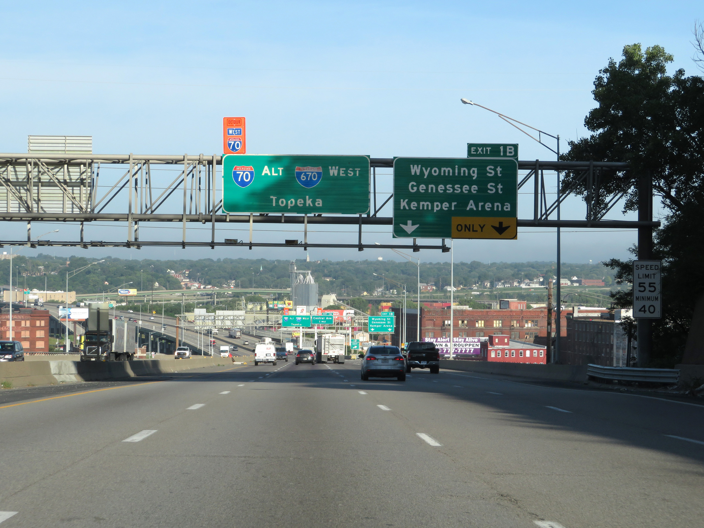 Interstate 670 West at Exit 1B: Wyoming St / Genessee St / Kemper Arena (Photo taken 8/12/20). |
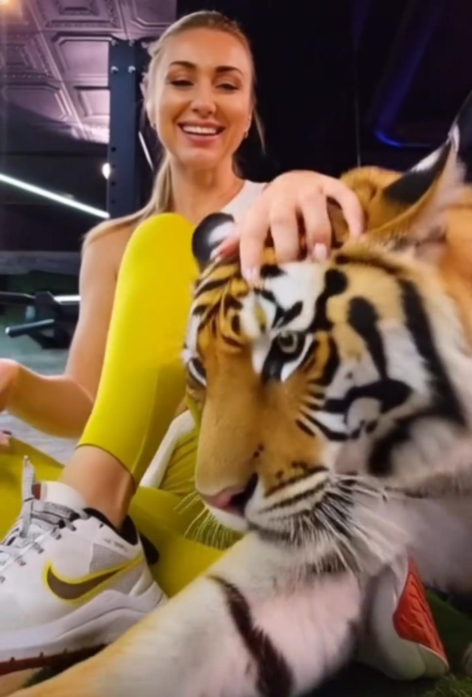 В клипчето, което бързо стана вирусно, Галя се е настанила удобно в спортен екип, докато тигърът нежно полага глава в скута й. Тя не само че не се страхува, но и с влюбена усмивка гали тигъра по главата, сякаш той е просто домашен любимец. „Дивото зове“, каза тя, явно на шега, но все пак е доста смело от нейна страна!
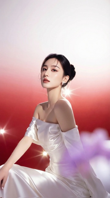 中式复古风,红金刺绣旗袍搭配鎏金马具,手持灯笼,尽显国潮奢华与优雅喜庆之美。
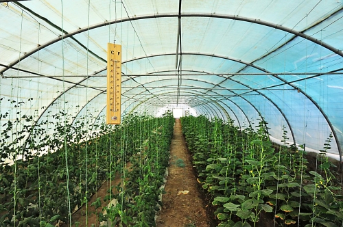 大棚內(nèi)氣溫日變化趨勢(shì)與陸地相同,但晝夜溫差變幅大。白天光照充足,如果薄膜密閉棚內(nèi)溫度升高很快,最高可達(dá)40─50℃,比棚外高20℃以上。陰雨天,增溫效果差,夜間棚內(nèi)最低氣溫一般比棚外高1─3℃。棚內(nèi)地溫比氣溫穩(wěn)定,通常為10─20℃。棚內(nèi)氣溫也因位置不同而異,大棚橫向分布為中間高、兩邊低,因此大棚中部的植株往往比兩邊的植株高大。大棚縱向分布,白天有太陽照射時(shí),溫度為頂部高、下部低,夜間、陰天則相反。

Task requirements: Starting at the line that contains "中式复古风,红金刺绣旗袍搭配鎏金马具,手持灯笼,尽显国潮奢华与优雅喜庆之美。", write out exactly each line through the last one in the listing above, leaving out the pictures and adding nothing else.

Expected answer:
 中式复古风,红金刺绣旗袍搭配鎏金马具,手持灯笼,尽显国潮奢华与优雅喜庆之美。
 大棚內(nèi)氣溫日變化趨勢(shì)與陸地相同,但晝夜溫差變幅大。白天光照充足,如果薄膜密閉棚內(nèi)溫度升高很快,最高可達(dá)40─50℃,比棚外高20℃以上。陰雨天,增溫效果差,夜間棚內(nèi)最低氣溫一般比棚外高1─3℃。棚內(nèi)地溫比氣溫穩(wěn)定,通常為10─20℃。棚內(nèi)氣溫也因位置不同而異,大棚橫向分布為中間高、兩邊低,因此大棚中部的植株往往比兩邊的植株高大。大棚縱向分布,白天有太陽照射時(shí),溫度為頂部高、下部低,夜間、陰天則相反。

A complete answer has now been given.